Comparison of Intramuscular Magnesium Sulphate with Low Dose Intravenous Regimen in the Management of Eclampsia in Low Resource Setting: A Randomised Study
- *Corresponding Author:
- Adekanle DA
Department of obstetrics and gynaecology
College of Health Sciences, Ladoke Akintola University of Technology
P.M.B. 4400, Osogbo, Osun State, Nigeria
Received date: June 19, 2014; Accepted date: September 17, 2014; Published date: September 22, 2014
Citation: Idowu A, Adekanle DA, Loto OM, Ajenifuja KO, Badejoko OO, et al. (2014) Comparison of Intramuscular Magnesium Sulphate with Low Dose Intravenous Regimen in the Management of Eclampsia in Low Resource Setting: A Randomised Study. Gynecol Obstet (Sunnyvale) 4:249. doi: 10.4172/2161-0932.1000249
Copyright: © 2014 Idowu A, et al.
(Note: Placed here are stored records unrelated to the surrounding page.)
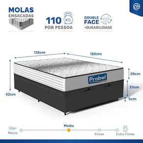 - Dimensões (larg. x comp. x alt.) Casal: 138x188x42cm;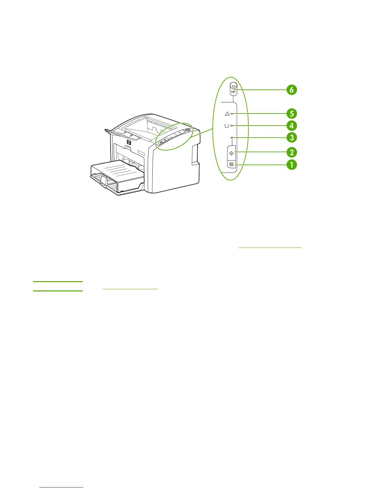 6 Wireless light: (HP LaserJet 1022nw printer only) When the Wireless light is on solid, a wireless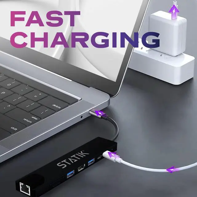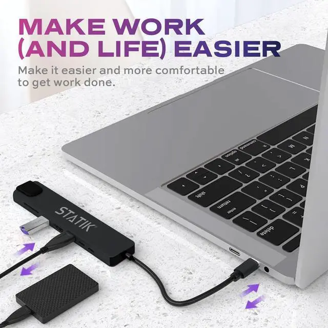 With our USB C hub multiport adapter, you get a combo of power and utility that's hard to match. The built-in USB-C hub USB splitter provides high-speed connections for all your devices, and the powered capability means you can charge your devices while working ^^ - The Statik UltraHub does not just stop at being a comprehensive USB dock, it goes beyond. This USB C dongle also doubles as an iPad Air stand and a MacBook Air docking station dual monitor, ensuring you are always ready for any task. Whether you need to present a business proposal or enjoy a movie, this hub has got you covered.

This is an open-access article distributed under the terms of the Creative Commons Attribution License, which permits unrestricted use, distribution, and reproduction in any medium, provided the original author and source are credited.
Background: Eclampsia is a major cause of maternal and perinatal morbidity and mortality. Magnesium sulphate is currently the gold standard in the management of eclamptic fit. As a result of its toxicity, current efforts are being geared towards discovering a lower dosage without compromising its efficacy.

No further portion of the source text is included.